Clothes with lines Her costumes amplify a play's message

January 16, 1991|By Sujata Banerjee | Sujata Banerjee,Evening Sun Staff

MARY MEASE WARREN wears her theatrical productions like jewels. For "Ma Rainey's Black Bottom," she has a bracelet of brightly colored stones, a rainbow of the colors in the costumes she designed. And to celebrate "Candida," Center Stage's current play set in the romantic Victorian era, she has taken to wearing a delicate cameo brooch that Candida, the housewife heroine, would appreciate.

At 41, the costume designer has zig-zagged from Broadway tBaltimore, Chicago to Pittsburgh, where she temporarily chucked her theater career to raise two young sons. And whether she is on the set or off, there's nothing Warren enjoys more than the romance of color and the power of personal style.

"You can sit on a bus and watch people...or watch women ichurch...and they are characters," says Warren enthusiastically. She's the kind of person who has done "Dames at Sea" four times with completely different costume themes for each show.

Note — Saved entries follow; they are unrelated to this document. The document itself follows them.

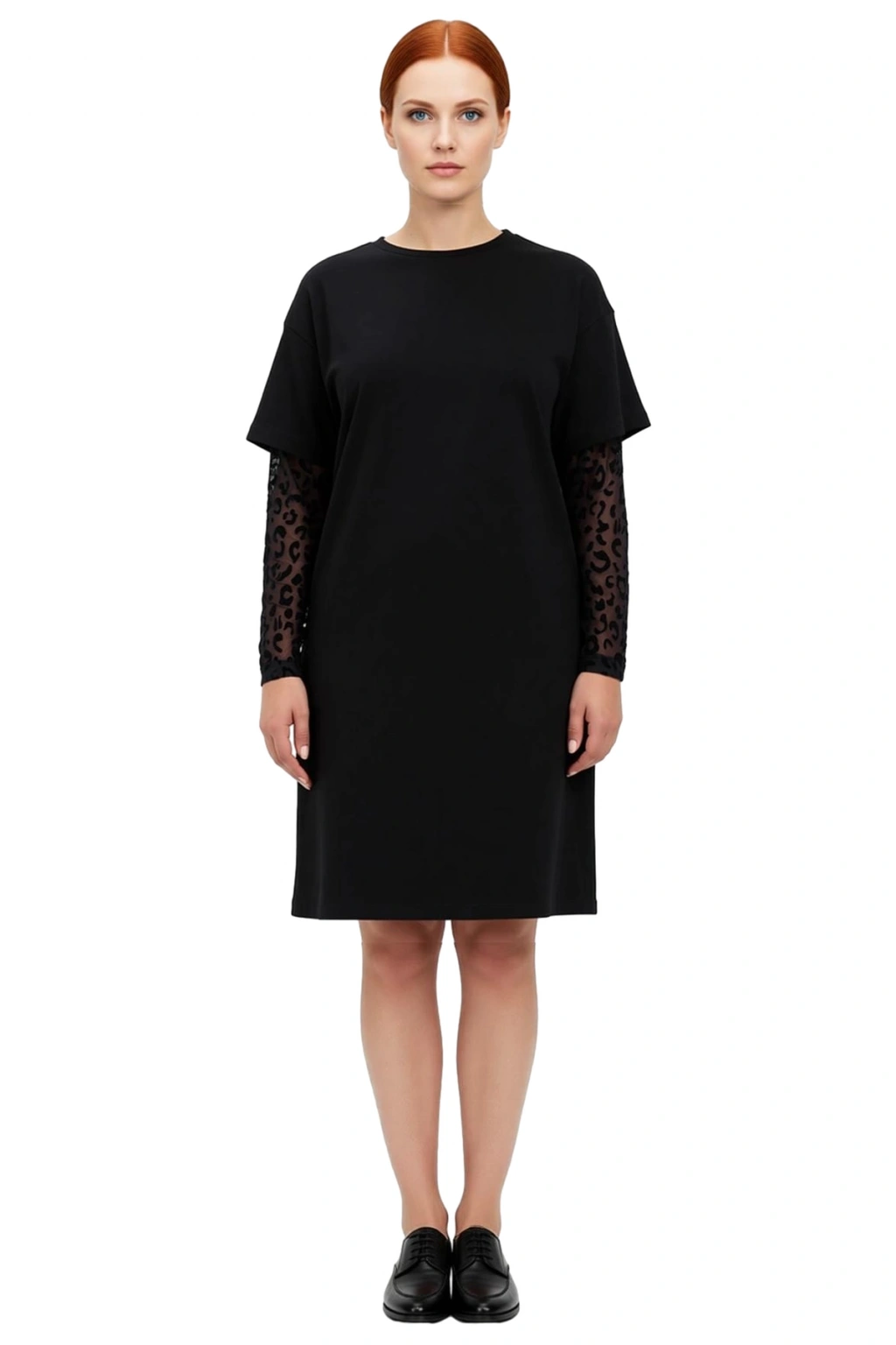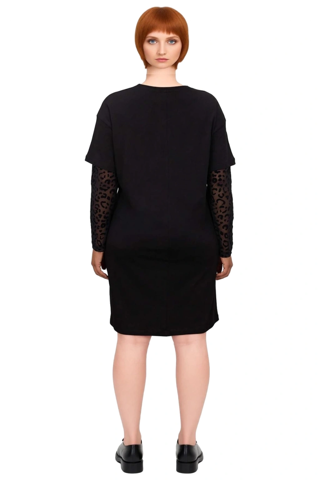 Ürün Özellikleri: T-Shirt elbise kalıp, %100 pamuk materyal, düz ana beden tül leopar desenli kol, bisiklet yaka, düşük kol uzun kol, süprem örme kumaş, siyah renk.
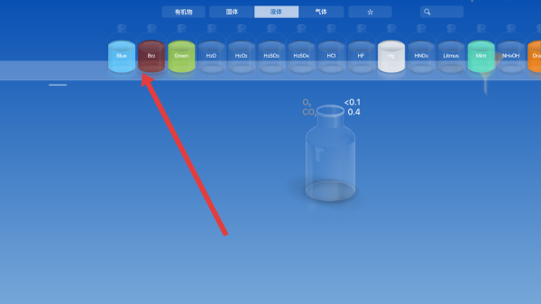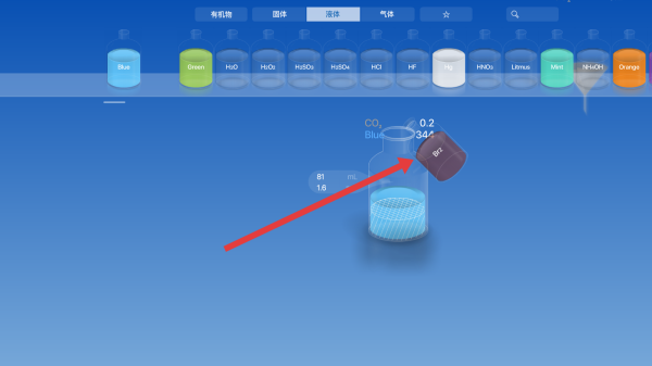 2、在实验材料中,可以点击需要的液体进行实验操作。
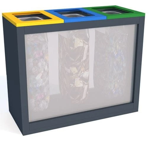 Kosz do segregacji odpadów Satis III 60 L, składa się z 3 pojemników do segregacji odpadów. Wykonany z blachy 1 mm i poliwęglanu litego 5mm, który tworzy front kosza.
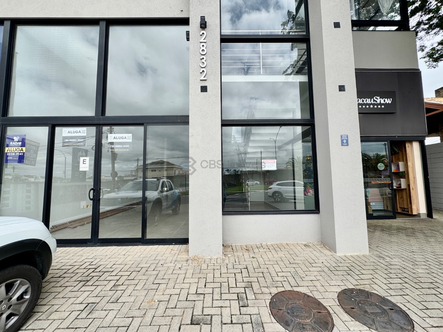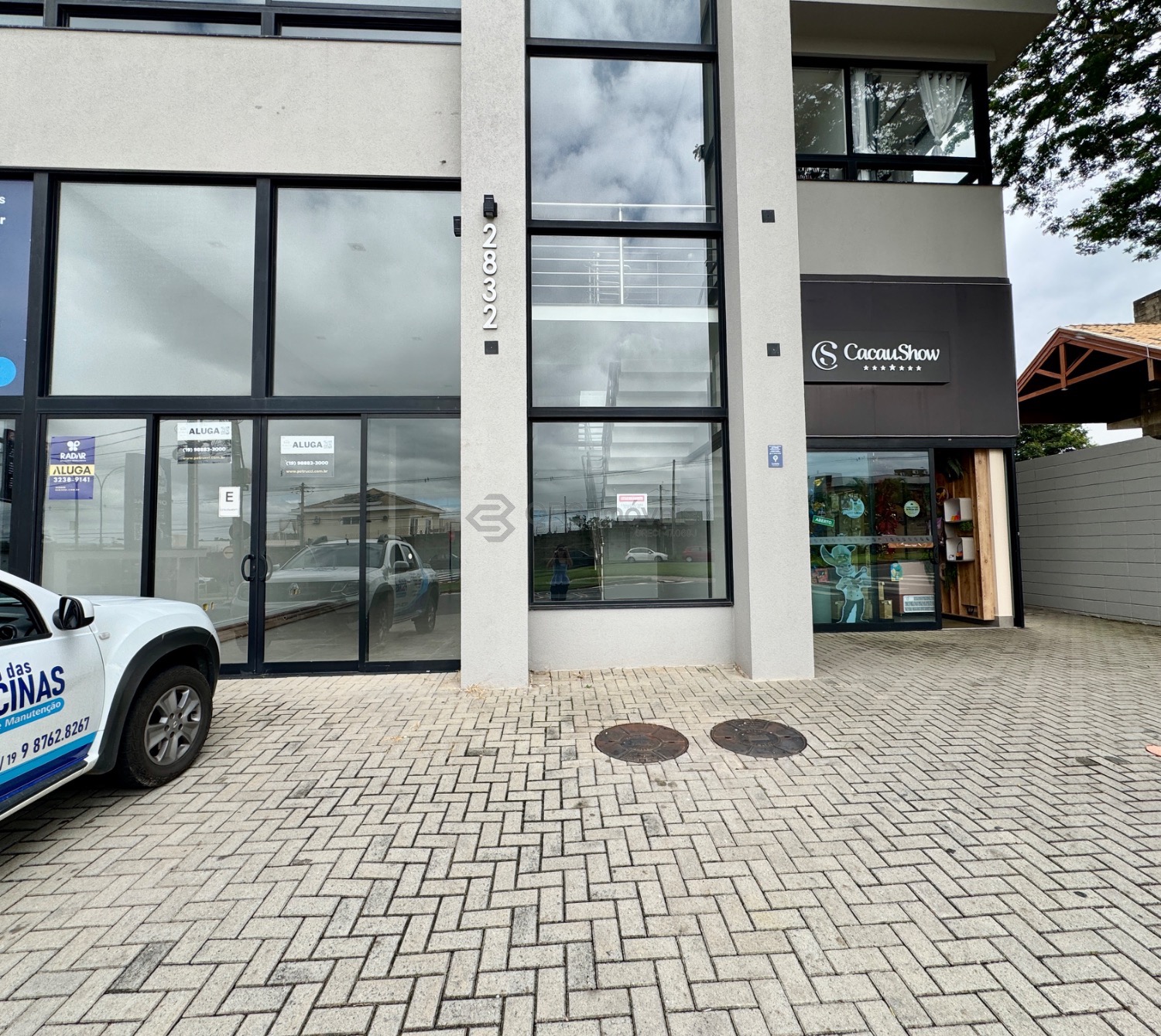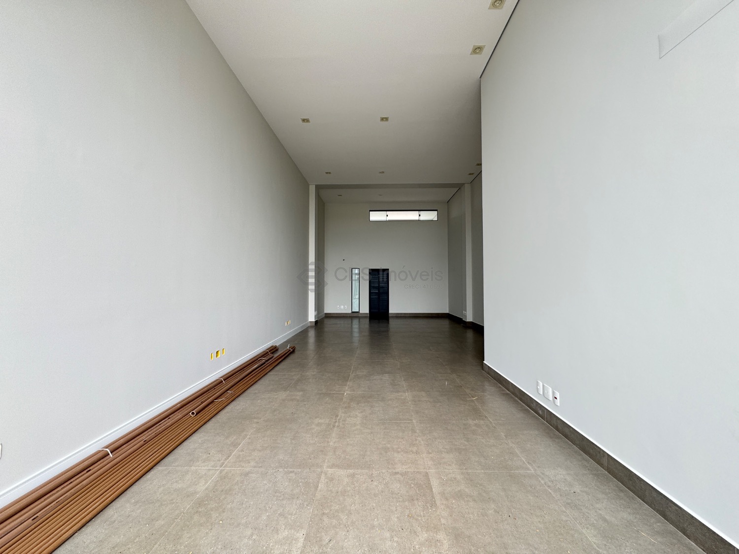 No pavimento térreo, a sala possui 82m² distribuído com uma copa e dois banheiros. A sala possui duas vagas de garagem.
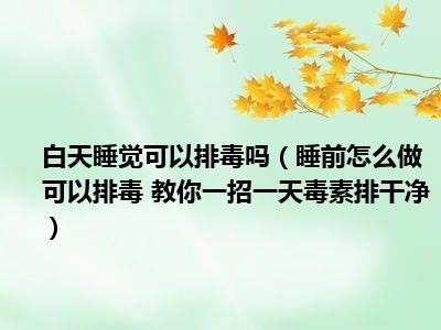 目前大家应该是对睡前怎么做可以排毒 教你一招一天毒素排干净比较感兴趣的,所以今天小编CC就来为大家整理了一些关于睡前怎么做可以排毒 教你一招一天毒素排干净方面的相关知识来分享给大家,希望大家会喜欢哦。
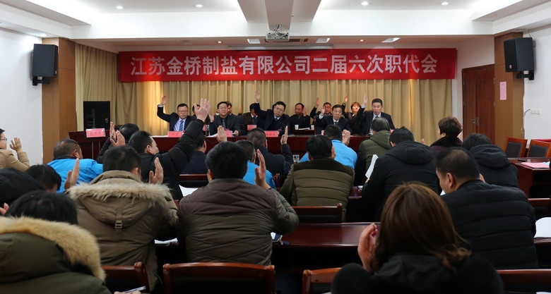 2月15日上午,我公司二屆六次職代會在公司三樓會議室隆重召開,來自各車間、單位、部門的46名職工代表參加了會議,共同商討金橋制鹽發(fā)展大計。公司領(lǐng)導(dǎo)班子成員及職工代表出席會議,部分先進(jìn)代表列席會議。公司董事長、黨委書記、總經(jīng)理朱桂玉作工作報告。大會由公司黨委副書記、紀(jì)委書記、工會主席李昊睿主持。

For "Candida," the challenge was presenting the elaborate, full-sleeved, wasp-waisted fashions of 1984 as unremarkable, every-day wear. She also uses color to explore the emotions of characters, from vibrant green to show Candida's liveliness to sedate blue to show secretary Prosprine's repressed condition.

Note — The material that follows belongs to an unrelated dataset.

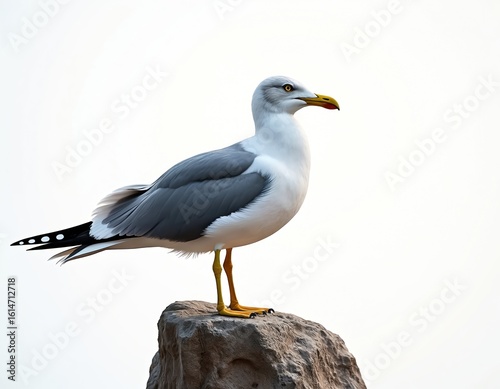 Seagull bird perched on rock. Features white gray plumage, yellow beak, yellow legs. Clear white background. Focus on seabird details, feathers, wings. Natural wildlife scene.
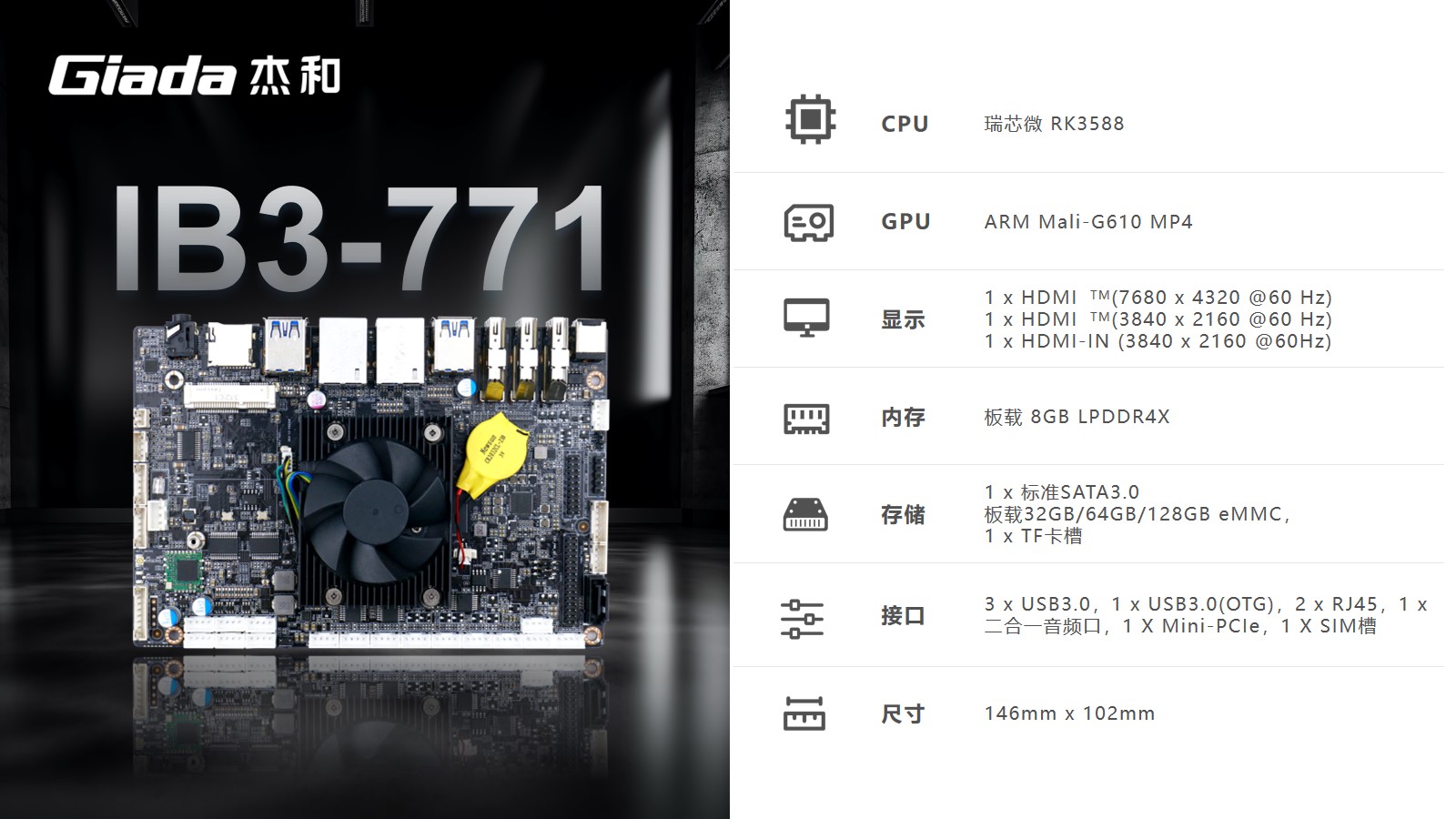 K8·凯发工业级ARM主板IB3-771采用瑞芯微RK3588处理器,内置G610 MP4 GPU,拥有6 TOPS算力的NPU,支持8K视频硬件解码编码及多摄像头输入,支持eDP/DP/ HDMI2.1/MIPI 多种显示接口。

Costume is an evolution," says Warren, who spends two to three months before a show opens on sketching and finding fabrics. The theater's costume shop (at Center Stage, there are five workers) makes patterns of Warren's designs that custom-fit the actors. Then each design is cut, sewn and embroidered. Wigs are made by a separate designer, and shoes are usually custom-ordered from a specialist New York.

Still, the costume process is not complete. After seeing the "Candida" costumes in dress rehearsal, Warren went back to work because she decided the effect was "too rich." Warren painted over the sparkle in Candida's coat, swapped a white organdy apron for a utilitarian blue cotton one and eliminated almost all jewelry.

"The right costumes are not too noticeable. The audience is not supposed to wonder, 'Is that right? Why does she have that on?' If they have to take the time to wonder about the shoes or hair or fabric, the whole costume concept is wrong," says Warren.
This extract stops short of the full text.